5. Why the Bias-Variance Tradeoff is Core to Machine Learning¶

The bias-variance tradeoff is not just a KNN concept — it is a fundamental principle that underlies all of machine learning. Here is why every practitioner must deeply understand it:

5.1 It Explains Why Models Fail¶

Every time a model performs poorly, the root cause can be traced back to this tradeoff:

Model too simple? → High bias → Underfitting → The model cannot capture the patterns in the data.
Model too complex? → High variance → Overfitting → The model memorizes noise instead of learning generalizable patterns.

Understanding bias and variance gives you a diagnostic framework to identify and fix model issues.

5.2 It Guides Every Modeling Decision¶

Nearly every decision in building a machine learning model is a bias-variance decision in disguise:

Decision	Bias-Variance Implication
Choosing k in KNN	Directly controls bias vs. variance
Choosing tree depth in Decision Trees	Deeper = lower bias, higher variance
Adding regularization (L1/L2)	Increases bias to reduce variance
Adding more features	May reduce bias but increase variance
Ensemble methods (Random Forest, Boosting)	Reduce variance (bagging) or bias (boosting)
Collecting more training data	Reduces variance without increasing bias

5.3 It Defines the Goal of Machine Learning¶

The ultimate goal of supervised learning is generalization — performing well on unseen data. The bias-variance tradeoff tells us that:

Perfect training performance is not the goal. The goal is to find the sweet spot where total error (on unseen data) is minimized.

This insight is why we use:

Cross-validation — to estimate generalization performance
Regularization — to deliberately increase bias in exchange for lower variance
Train/validation/test splits — to detect overfitting before deployment

5.4 It Connects All Algorithms¶

Whether you are working with linear regression, neural networks, SVMs, or decision trees, the bias-variance tradeoff is always at play. Understanding it allows you to:

Transfer intuition across algorithms
Diagnose problems faster
Make better hyperparameter choices
Build more robust models

5.5 It’s the Foundation of Model Selection¶

Model selection — choosing between competing algorithms and configurations — is fundamentally about navigating the bias-variance tradeoff. Techniques like:

Grid search / Random search for hyperparameters
Learning curves (plotting error vs. training size)
Validation curves (plotting error vs. model complexity)

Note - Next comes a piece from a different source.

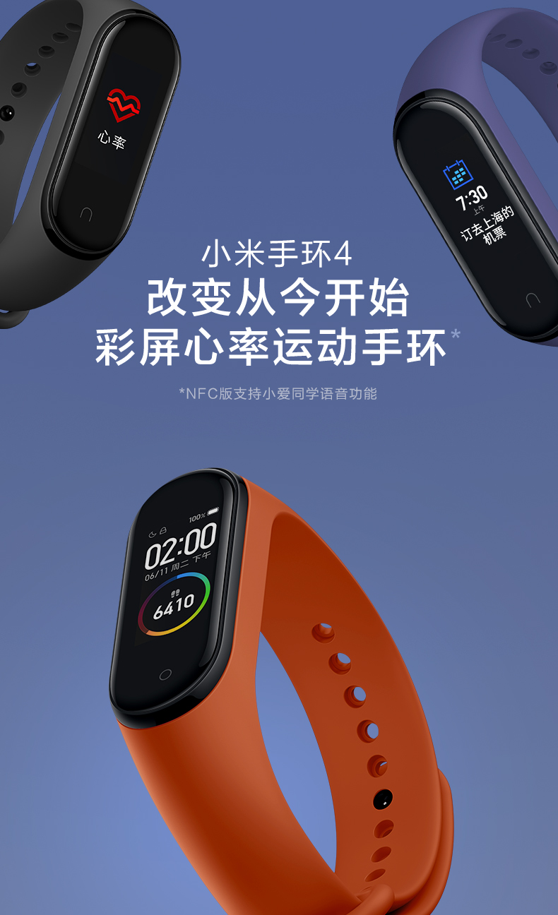 小米手环4智能手表心率监测蓝牙男女款运动计步器微信支付宝天气心率睡眠手环5

...are all tools for finding the optimal point on the bias-variance spectrum.

6. Key Takeaways¶

KNN is an intuitive, non-parametric algorithm that makes predictions based on the k nearest neighbors in the training data.
The k hyperparameter directly controls overfitting vs. underfitting:
- Small k → complex model → overfitting (high variance, low bias)
- Large k → simple model → underfitting (high bias, low variance)
The Bias-Variance Tradeoff decomposes prediction error into bias², variance, and irreducible noise. The goal is to minimize total error, not just one component.
The Bias-Variance Tradeoff is core to ML because:
- It explains why models fail
- It guides every modeling decision
- It defines the true goal (generalization, not memorization)
- It connects all ML algorithms under one unifying framework
- It is the foundation of model selection and evaluation
Mastering this tradeoff is what separates practitioners who blindly try algorithms from those who systematically build high-performing models.

7. Practice Questions¶

If your KNN model has 100% training accuracy but 60% test accuracy, is it overfitting or underfitting? What should you do with k?
If both training and test accuracy are around 55%, what is the likely problem? How would you adjust k?
Explain in your own words why collecting more training data helps with variance but not with bias.
A colleague says “I always use k=1 because it gives the best training accuracy.” What would you tell them?
How does the bias-variance tradeoff apply to choosing the depth of a decision tree?